Bardoxolone use was also shown to impact the mitochondria. A study reported bardoxolone’s adverse effects on the mitochondria of human microvascular endothelial cells-1. In this model, the authors determined that bardoxolone triggers endothelial damage by inducing proton leakage, decreasing mitochondrial membrane potential and respiratory capacity [86]. These mechanisms were attributed to the reactivity of α-cyano-α, β-unsaturated ketone (CUK) moiety in ring A and the ability of bardoxolone to modify thiols of mitochondrial proteins [86], suggesting that the modification of proteins containing thiol groups might be deleterious (Figure 4B). Supporting the latter, the modification of thiol groups showed disadvantages in other studies using electrophiles. For instance, N-acetylcysteine improved the reduced respiratory capacity induced by dimethyl fumarate, an Nrf2 activator, which might suggest that the oxidation of the thiols was the principal action mechanism of dimethyl fumarate [87]. These data suggest Nrf2 overactivation could lead to irreversible modification of thiol groups, altering proteins that are sensitive to redox state located in the mitochondria.

3.4. Nrf2 in Non-CKD

The upregulation of Nrf2 in cancer has anticancer proprieties in cancer initiation [88,89]. The latter is because Nrf2 maintains the cellular redox state of the cells, regulating cell proliferation and growth [20]. Note that high levels of ROS maintain the activation of proliferation and cell growth through the activation of signaling pathways such as MAPK kinases [9]. However, when Nrf2 is activated, the antioxidant enzymes targeted by Nrf2 will be induced, reducing ROS and preventing cell proliferation and growth. On the other hand, the inactivation of Nrf2 induces high levels of ROS, which might trigger DNA damage, allowing the appearance of mutations and, in turn, activating the proliferative processes involved in cancer initiation [88]. The cancer-progression stage involves genetic and chromosome instability, causing mutations that permit proliferation and apoptosis evasion [88,90]. Thus, Nrf2 avoids ROS increase, impeding DNA damage, mutations, and genomic stability as hallmarks of cancer and its progression.
However, Nrf2 activation in cancer progression is deleterious because it induces resistance to cancer therapy. For example, in the case of radiotherapy, consisting of ionizing radiation (IR) [91], the generation of high levels of free radicals leads to apoptosis cell death [92]. However, a common consequence of IR is the activation of Nrf2, which triggers a significant tolerance to oxidative stress induced by IR, preventing cancer cell death. Therefore, Nrf2 activation might cause resistance to radiotherapy.
In other models, studies demonstrated that Nrf2 activation induces damage in the myocardium of aging cardiomyocyte-restricted human mutant CryAB transgenic mice [93]. Moreover, in autophagy-deficient mice, Nrf2 accumulation and the upregulation of its target genes were the principal cause of liver injury, suggesting that the upregulation of the Nrf2 pathway might result in deleterious consequences [18]. In atherosclerosis, the Nrf2 upregulation caused free-cholesterol accumulation in macrophages because Nrf2 induces the upregulation of CD36, the principal receptor to fatty-acid uptake [94]. The cholesterol accumulation leads to the formation of macrophage foam cells due to the augmented uptake of oxidized low-density lipoproteins (oxLDL). Indeed, LDLs are highly sensitive to oxidation, being rapidly oxidized under ROS overproduction. OxLDLs might damage the mitochondria, inducing lipid peroxidation (Figure 2B) [95].
In summary, in some contexts the upregulation of Nrf2 might not be beneficial; thus, homeostatic control of Nrf2 is required to avoid fatal consequences.

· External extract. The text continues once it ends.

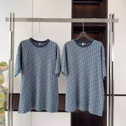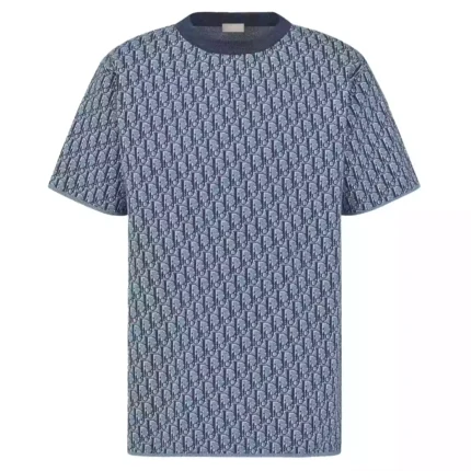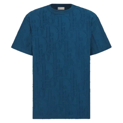 DIOR OBLIQUE T-SHIRT RELAXED FIT BLUE COTTON JACQUARD – DOT043

4. Clinical Data of Nrf2 Activation in Human CKD

4.1. Endogenous Nrf2 Activation in Human CKD

The transcription factor Nrf2 regulates the gene expression of about 250 target genes involved in redox regulation and antioxidant response, inflammation, heme and iron metabolism, intermediary lipid and carbohydrate metabolism, and reactions of detoxification and biotransformation [96]. An overwhelmingly broad spectrum of factors and cellular conditions that can regulate Nrf2 abundance and activity is known from preclinical studies [97,98,99]. On the contrary, the clinical data on Nrf2 abundance and activity in human CKD are scarce.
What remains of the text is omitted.